Translated Article: New ETSI Standard for Reporting Security Vulnerabilities
Neuer ETSI-Standard zur Meldung von Sicherheitslücken by Erich Moechel for fm4.ORF.at
The European Standards Institute for Telecommunications ETSI, previously known more for the standardization of back doors for surveillance authorities than for IT security, is now concerned with finding non-standardized security vulnerabilities.
Late but still, the discovery of ever new, critical security gaps in IT equipment in industry has finally woken up the European Standards Institute for Telecommunications (ETSI). The public review period for an ETSI specification, which is intended to standardize the reporting process of security vulnerabilities by third parties, runs until September 15.
Since the introduction of LTE (4G), the standards of the IT world have increasingly applied to the formerly proprietary networks of the telecoms. This specification takes this into account by standardizing important IT security processes for the world of telecommunications. However, the specification also shows that this is still quite the beginning.
Vulnerabilities, penalties, data protection
The current cyber attack on T-Mobile USA, in which more than 50 million customer data was stolen, demonstrates the need to establish such a standard in the telecommunications industry. It is the sixth major security incident within four years at the US subsidiary of Deutsche Telekom. In contrast to Europe, where since the introduction of the General Data Protection Regulation (GDPR) in 2016, more and more penalties have been imposed that even large corporations can no longer pay out of their petty cash, there is no even remotely comparable regime in the USA.
In Europe, gross or repeated negligence in handling customer data can result in penalties that can amount to up to four percent of group sales. This apparently contributed to the fact that IT security vulnerabilities are now slowly being taken seriously by the industry. The DSGVO was followed in 2018 by the standards ISO / IEC 29147 and ISO / IEC 30111, in which both the registration process and the further handling of newly discovered vulnerabilities in IT systems that are visible from outside – i.e. from the Internet – to a certain extent were standardized.

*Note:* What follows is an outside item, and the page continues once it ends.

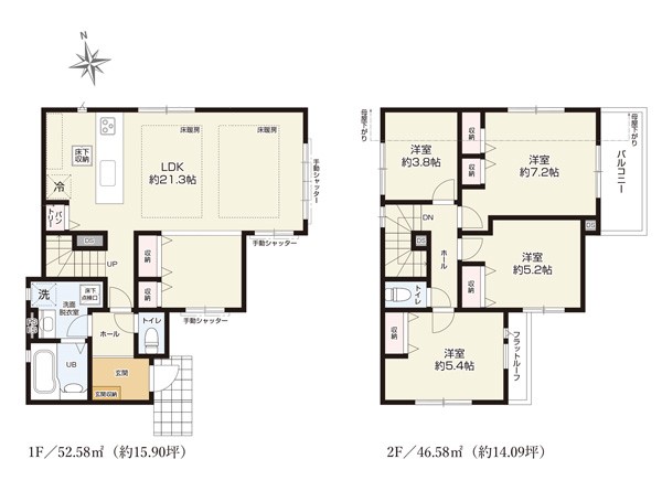 - ※完成予想図やCG合成画像は、門塀・植栽・庭・外観等、実際とは多少異なる場合があります。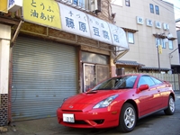 ハチロクには”藤原とうふ店”、看板には”藤原豆腐店”と書いてあります。

The standards and the practice
The ETSI specification refers to these two ISO standards as well as to a handful of publications by the Internet Engineering Taskforce (IETF), the security organization FIRST, the US research institute MITER and the National Institute of Standards and Technology (NIST ) of the USA. In this guide of the Technical Committee TC Cyber in the ETSI, very little is required. Initially, even the simplest terms such as “exploit” or “payload” are explained and in this key it continues. This ETSI draft formalizes a convention for reporting security vulnerabilities, which has long been practised by large corporations and which is roughly as follows:
Security researchers who discover “bugs” in an application visible from the Internet – i.e. programming errors, incorrect implementation of a technical security standard, etc. – report these to the company concerned or to the manufacturer of a device if the bug resides directly in the operating system of f.ex. a web server or router. The company then tries to reproduce the error in a test environment in a process known as “triage” and to assess its degree of risk. Depending on the severity, either a “hotfix” is then carried out, i.e. a temporary measure for safeguarding, which is usually followed by the actual error correction in the relevant systems after a considerable time interval.

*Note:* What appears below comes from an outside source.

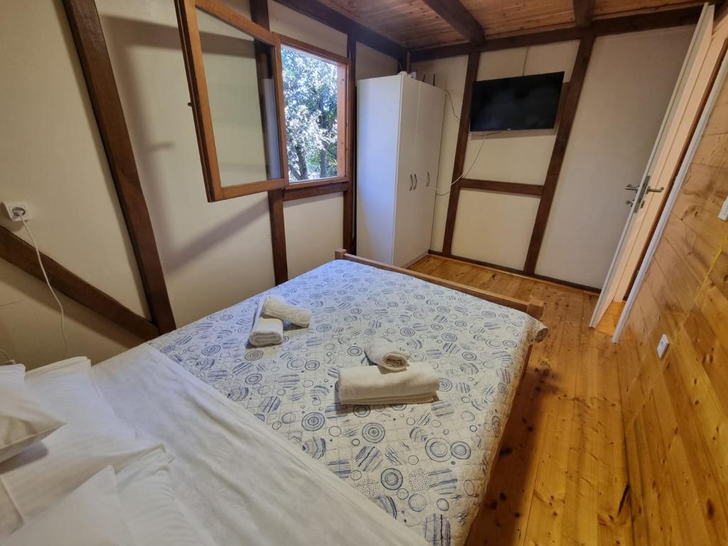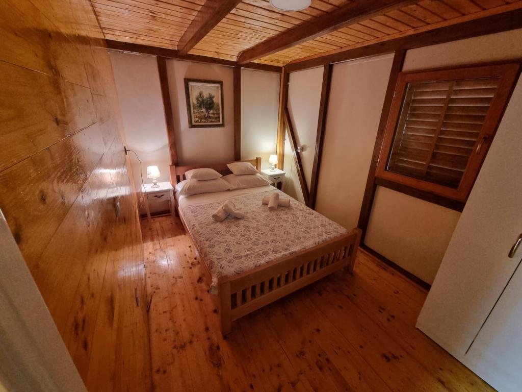 A newly built wooden house on a secluded spot on the island of Babca, which can be reached from the town of Pašman on the island of the same name. It is located on over 10,000 m2 of private land and has 25 m2 of interior space in which there are two double beds in two rooms measuring 140x200 cm and a bathroom. The kitchen and table are located on the outside covered area of 15m2. There is a TV in one room. There is wi-fi internet in the house.

Coffee mugs and thank you letters, but no payment
The guide has little to do with technology, rather methods, procedures and, above all, the communication processes between the site operator and the person who discovered the bug should be standardized. And here ETSI assumes that security researchers primarily want to be known and publicly recognized. There is no mention of a “bug bounty” – a kind of “bounty” on the more dangerous vulnerabilities – as advertised by Google, Apple and a whole series of other large companies.
The crux of such a general security standard is that it is not addressed to a specific target group. What is good enough for a small or medium-sized company (SME) in terms of measures to find security vulnerabilities may be far too little for a large corporation like Deutsche Telekom AG. Security researchers associate different expectations with an SME than with a multi-billion dollar global corporation. The latter are namely the “stakeholders” in the European Telecom Standards Institute, which is nothing more than an association near Nice, which is completely dominated by the large telecommunications companies and their suppliers such as Ericsson, Nokia or Huawei.